• [Given data]:
....
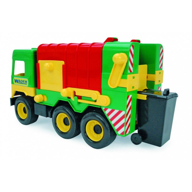 Tugevalt ehitatud, 42-sentimeetrine prügiveok, mis on varustatud prügikonteineri, liikuva tõstuki, mis võimaldab konteinerit tühjendada, ning avatava tagaluugiga.
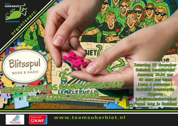 Zet de leesbril op, strek de armen en oefen alvast met die puzzelstukjes… want Team Sukerbiet organiseert op zaterdag 27 december in samenwerking met Blitsspul voor het eerst het Legpuzzelkampioenschap van Lemelerveld!
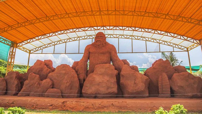 Sau một thời gian dài khảo sát, các nhà khoa học quốc tế đã khẳng định, chất lượng cát ở Mũi Né (Phan Thiết) đạt yêu cầu để làm nguyên liệu cho nghệ thuật điêu khắc trên cát. Loại hình này còn mới mẻ ở Việt Nam nhưng đã rất phổ biến trên thế giới. Trong ảnh là tượng cát “King Kong” nằm ngay cửa vào công viên.
....
• [Your objective]: Word for word, print all of the data; skip the pictures.

• [Written answer]:
 Tugevalt ehitatud, 42-sentimeetrine prügiveok, mis on varustatud prügikonteineri, liikuva tõstuki, mis võimaldab konteinerit tühjendada, ning avatava tagaluugiga.
 Zet de leesbril op, strek de armen en oefen alvast met die puzzelstukjes… want Team Sukerbiet organiseert op zaterdag 27 december in samenwerking met Blitsspul voor het eerst het Legpuzzelkampioenschap van Lemelerveld!
 Sau một thời gian dài khảo sát, các nhà khoa học quốc tế đã khẳng định, chất lượng cát ở Mũi Né (Phan Thiết) đạt yêu cầu để làm nguyên liệu cho nghệ thuật điêu khắc trên cát. Loại hình này còn mới mẻ ở Việt Nam nhưng đã rất phổ biến trên thế giới. Trong ảnh là tượng cát “King Kong” nằm ngay cửa vào công viên.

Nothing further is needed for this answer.